Data shown:
------------------------
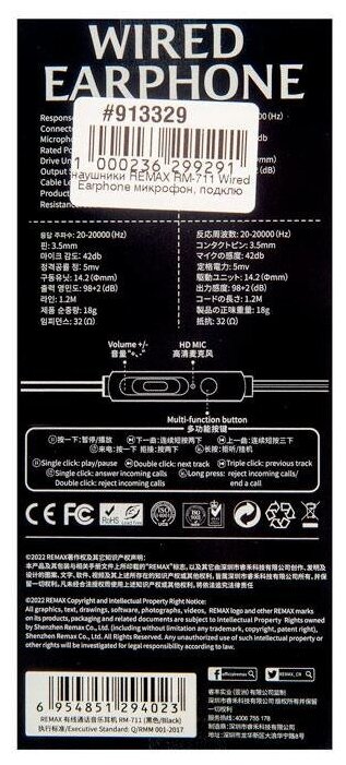 Наушники проводные с микрофоном Remax RM-712 информация:
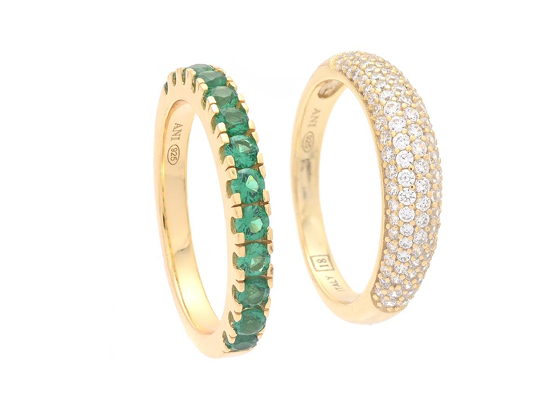 ANI JEWELS, 2 items rings, gilt sterling silver, white and green stones, size 17,75 mm, total weight 5,4 g.
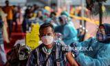 Warga mengantre sebelum menjalani vaksin covid-19 Sinovac saat vaksinasi massal di Stadion Patriot Chandrabhaga, Bekasi Selatan, Kota Bekasi, Jawa Barat, Kamis (8/7). Pemerintah Kota Bekasi menggelar vaksinasi massal sebanyak 50 ribu orang dalam sehari yang diperuntukan bagi kalangan usia 18 tahun keatas dan lansia sebagai upaya menciptakan kekebalan kelompok (herd immunity). (FOTO : Republika/Thoudy Badai)
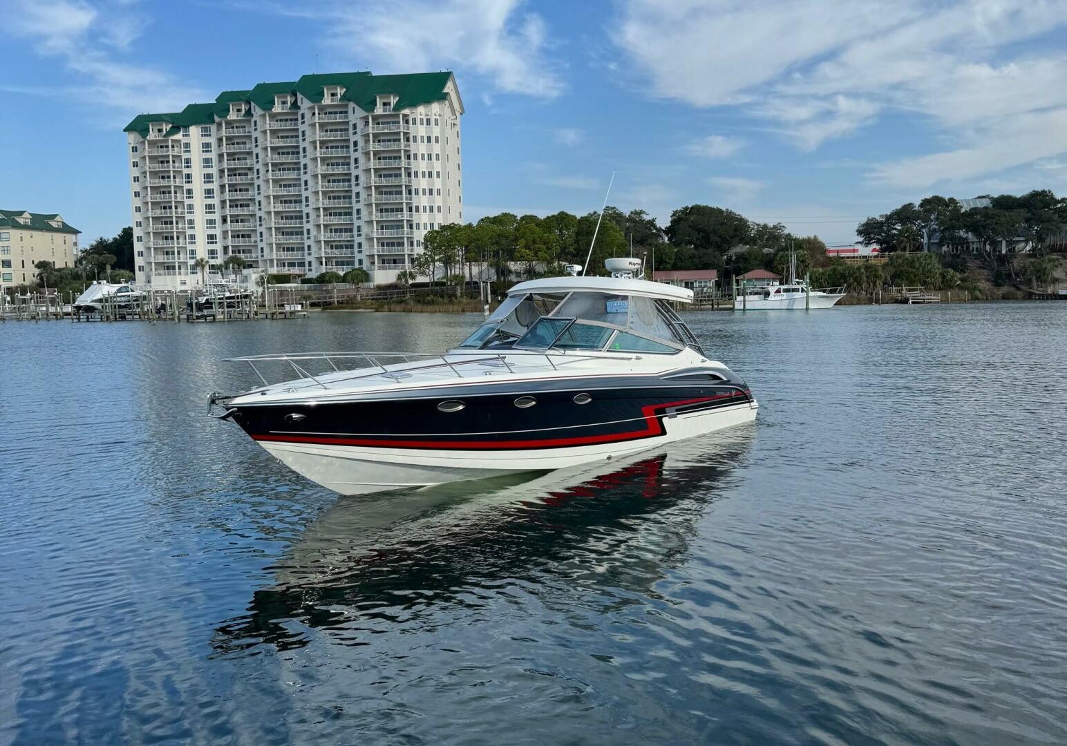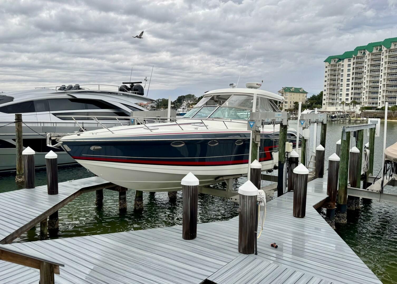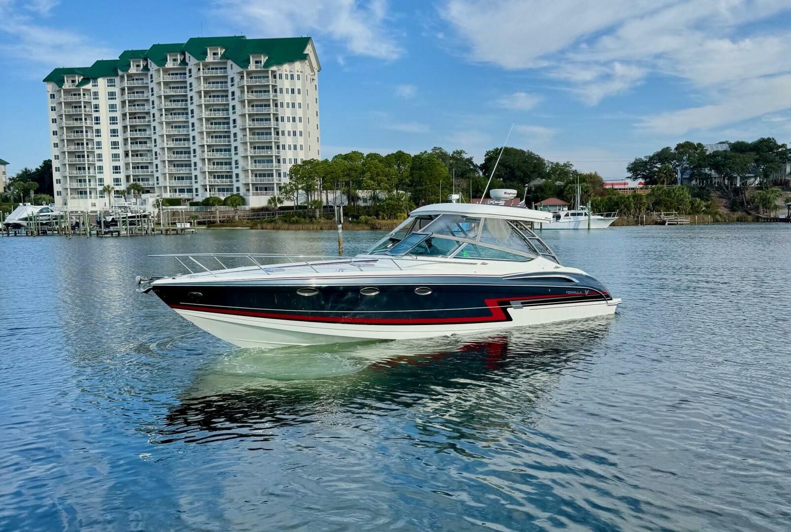 2016 37' Formula 370 Super Sport "Hoody" for sale- This Formula 370 Super Sport sits high and dry on a lift and is maintained by a yacht management company. She’s super sleek with a low profile that cuts through wind and waves with ease. She also has a complete cabin to take you to those overnight spots or long afternoon naps. The 370 SS cockpit adds more versatility than ever with a doublewide captain’s helm, wet bar, and sun lounger. Drive in style with easy joystick controls, with a fully equipped radar and chart plotter. The aft-facing lounge is electrically activated to create a generous sun pad. There's also a hard top with Sure Shade. Her expertly presented textures and colors, recessed alcoves with stainless railing, integrated, blue LED lighting, and cupholders set in eye-catching Corian® position the 370 SS at the forefront of marine design. Contact us today for an immediate showing.
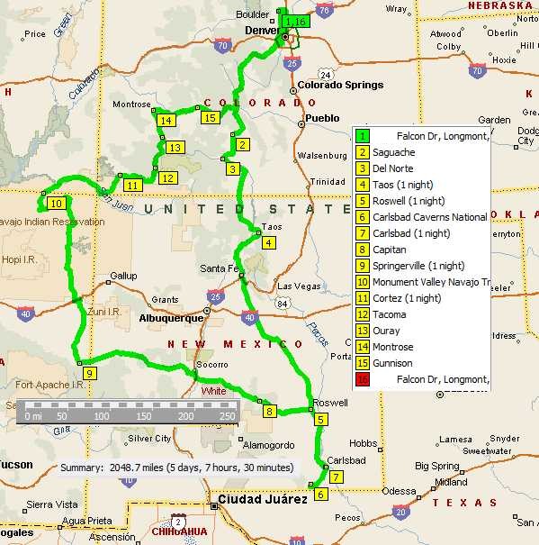COLORADO USA BIKE TRIPS 2Bryce_UT_2400mi.jpg 2CarlsbadNM-MonumentAZ.jpg 2DevilsTower_Sturgis.jpg 2SnowyRangeWY.jpg 2WhitesPagosaSpringsCO81147.jpg CGCMV_route.jpg CO_Western_Loop_2015.jpg FlamingGorge.jpg StovePrairieRoad.jpg SW_CO_925_Miles.jpg
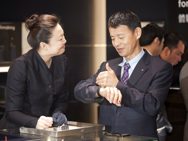 ▲不只看,更可試戴最新錶款!看來貴賓佩戴後相當滿意呢(笑)。
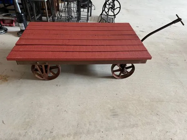 Antique Luggage Cart, in excellent condition. Measures 62 x 38 x 18 tall. The front wheels are 12 diameter and rear are 14 diameter. Handle can be removed Cash or Venmo Must pickup, Center Point 78010, between Comfort and Kerrville. $400.00 If interested please text 832-441-4442
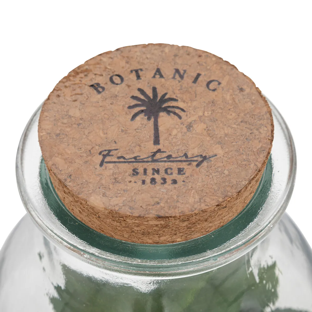 D’une taille compacte, le terrarium « Bota » se présente comme un flacon en verre transparent avec un bouchon en liège. Il contient une petite plante artificielle, de la fausse mousse végétale et des cailloux. Très réaliste, cet objet déco ne demande pourtant aucun arrosage.
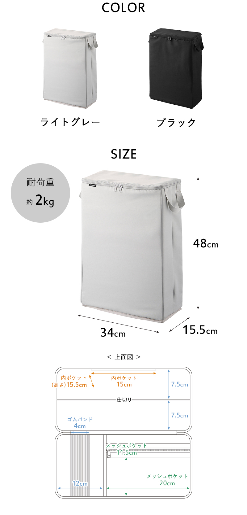 | サイズ | 約 幅34 × 奥行き15.5 × 高さ48cm(持ち手含まず) [内寸] メッシュポケット:約 幅20 × 高さ11.5cm 内ポケット:約 幅15 × 高さ15.5cm ゴムバンド:約 幅4cm |
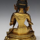 A Sino-Tibetan gilt bronze figure of Tara, probably 20th century, modelled seated in lalitisana holding her hands in vitarka and varada mudra, wearing a headdress, celestial scarf and beaded jewellery, resting her right foot on a lotus emanating from a double lotus base, height 22.5cm.
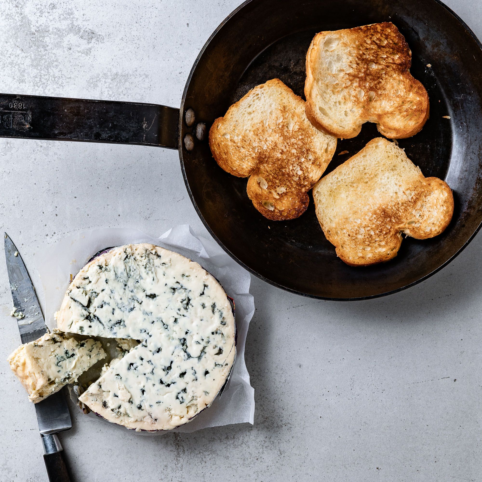 Fourme d‘Ambert in kleine Stückchen bröckeln. Die Briochescheiben in einer Pfanne in der Butter von beiden Seiten goldbraun rösten und herausnehmen.
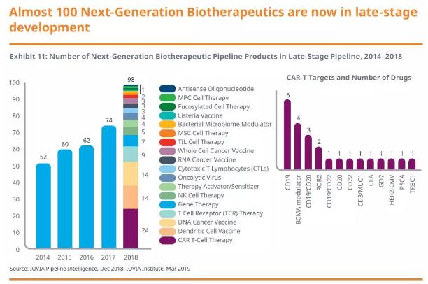 在2018年的后期研发管线中,包含基因疗法、细胞疗法和核苷酸疗法在内的下一代生物疗法Next Generation Biotherapeutic, NGB)接近100种,与2013年相比接近翻倍,比2017年也增长了32%。
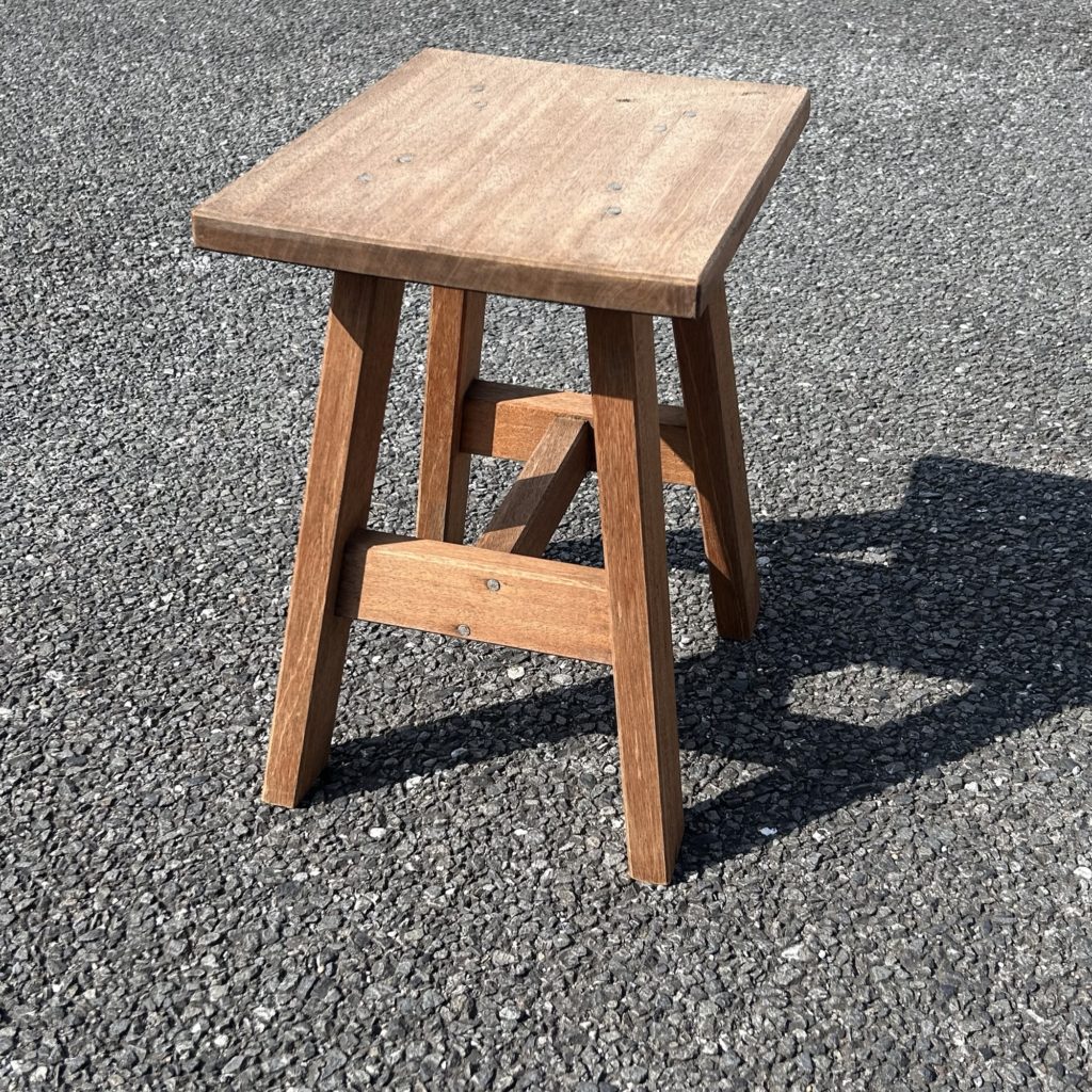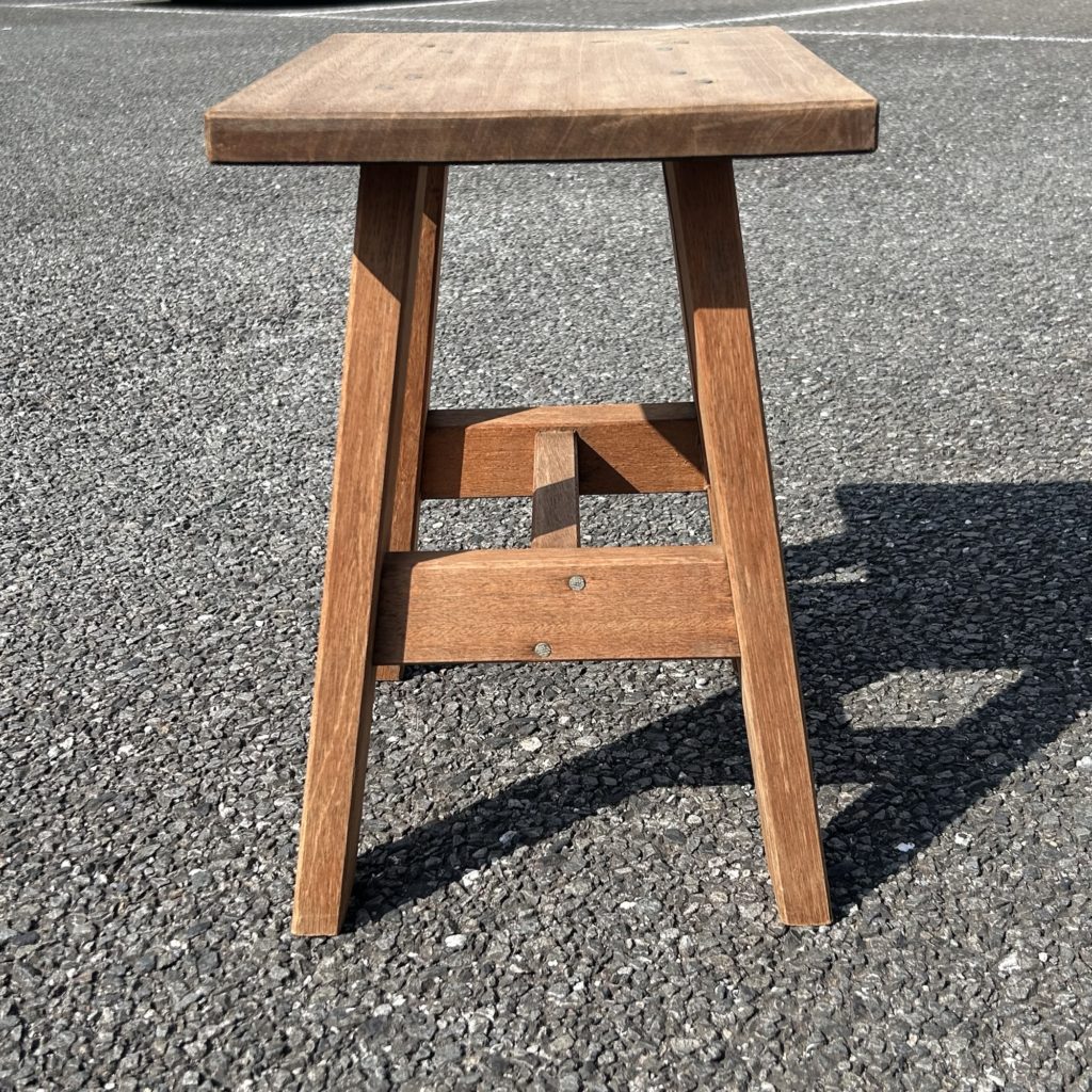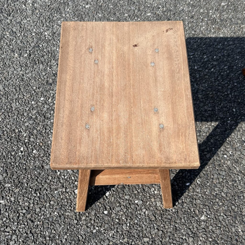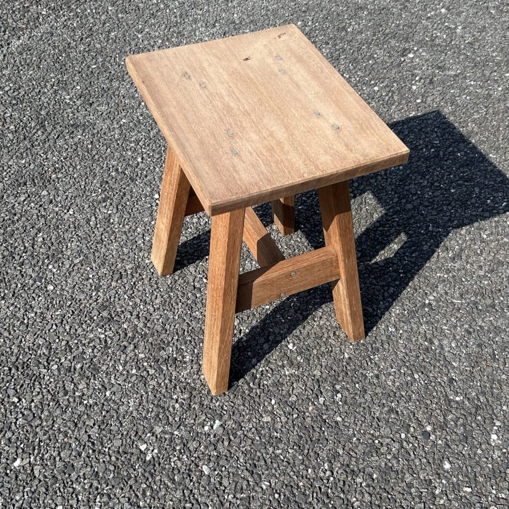 ハの字テーパー脚とプロポーションが可愛らしく、比較的心得がある方がラワン材でささっと作った様な印象。太釘でバシッと留める手法も何だか新鮮です。造り的には台 テーブル用途でしょうが、高さ構造の強さ的にはスツール 腰掛け使用でも構わないと思います。ざっくりクリーニングしたのみの素の木地状態です。何らか表面 色処理をご希望の方はご相談ください。
------------------------
The task: Please set down the whole listing above exactly and skip every picture.

Response:
 Наушники проводные с микрофоном Remax RM-712 информация:
 ANI JEWELS, 2 items rings, gilt sterling silver, white and green stones, size 17,75 mm, total weight 5,4 g.
 Warga mengantre sebelum menjalani vaksin covid-19 Sinovac saat vaksinasi massal di Stadion Patriot Chandrabhaga, Bekasi Selatan, Kota Bekasi, Jawa Barat, Kamis (8/7). Pemerintah Kota Bekasi menggelar vaksinasi massal sebanyak 50 ribu orang dalam sehari yang diperuntukan bagi kalangan usia 18 tahun keatas dan lansia sebagai upaya menciptakan kekebalan kelompok (herd immunity). (FOTO : Republika/Thoudy Badai)
 2016 37' Formula 370 Super Sport "Hoody" for sale- This Formula 370 Super Sport sits high and dry on a lift and is maintained by a yacht management company. She’s super sleek with a low profile that cuts through wind and waves with ease. She also has a complete cabin to take you to those overnight spots or long afternoon naps. The 370 SS cockpit adds more versatility than ever with a doublewide captain’s helm, wet bar, and sun lounger. Drive in style with easy joystick controls, with a fully equipped radar and chart plotter. The aft-facing lounge is electrically activated to create a generous sun pad. There's also a hard top with Sure Shade. Her expertly presented textures and colors, recessed alcoves with stainless railing, integrated, blue LED lighting, and cupholders set in eye-catching Corian® position the 370 SS at the forefront of marine design. Contact us today for an immediate showing.
COLORADO USA BIKE TRIPS 2Bryce_UT_2400mi.jpg 2CarlsbadNM-MonumentAZ.jpg 2DevilsTower_Sturgis.jpg 2SnowyRangeWY.jpg 2WhitesPagosaSpringsCO81147.jpg CGCMV_route.jpg CO_Western_Loop_2015.jpg FlamingGorge.jpg StovePrairieRoad.jpg SW_CO_925_Miles.jpg
 ▲不只看,更可試戴最新錶款!看來貴賓佩戴後相當滿意呢(笑)。
 Antique Luggage Cart, in excellent condition. Measures 62 x 38 x 18 tall. The front wheels are 12 diameter and rear are 14 diameter. Handle can be removed Cash or Venmo Must pickup, Center Point 78010, between Comfort and Kerrville. $400.00 If interested please text 832-441-4442
 D’une taille compacte, le terrarium « Bota » se présente comme un flacon en verre transparent avec un bouchon en liège. Il contient une petite plante artificielle, de la fausse mousse végétale et des cailloux. Très réaliste, cet objet déco ne demande pourtant aucun arrosage.
 | サイズ | 約 幅34 × 奥行き15.5 × 高さ48cm(持ち手含まず) [内寸] メッシュポケット:約 幅20 × 高さ11.5cm 内ポケット:約 幅15 × 高さ15.5cm ゴムバンド:約 幅4cm |
 A Sino-Tibetan gilt bronze figure of Tara, probably 20th century, modelled seated in lalitisana holding her hands in vitarka and varada mudra, wearing a headdress, celestial scarf and beaded jewellery, resting her right foot on a lotus emanating from a double lotus base, height 22.5cm.
 Fourme d‘Ambert in kleine Stückchen bröckeln. Die Briochescheiben in einer Pfanne in der Butter von beiden Seiten goldbraun rösten und herausnehmen.
 在2018年的后期研发管线中,包含基因疗法、细胞疗法和核苷酸疗法在内的下一代生物疗法Next Generation Biotherapeutic, NGB)接近100种,与2013年相比接近翻倍,比2017年也增长了32%。
 ハの字テーパー脚とプロポーションが可愛らしく、比較的心得がある方がラワン材でささっと作った様な印象。太釘でバシッと留める手法も何だか新鮮です。造り的には台 テーブル用途でしょうが、高さ構造の強さ的にはスツール 腰掛け使用でも構わないと思います。ざっくりクリーニングしたのみの素の木地状態です。何らか表面 色処理をご希望の方はご相談ください。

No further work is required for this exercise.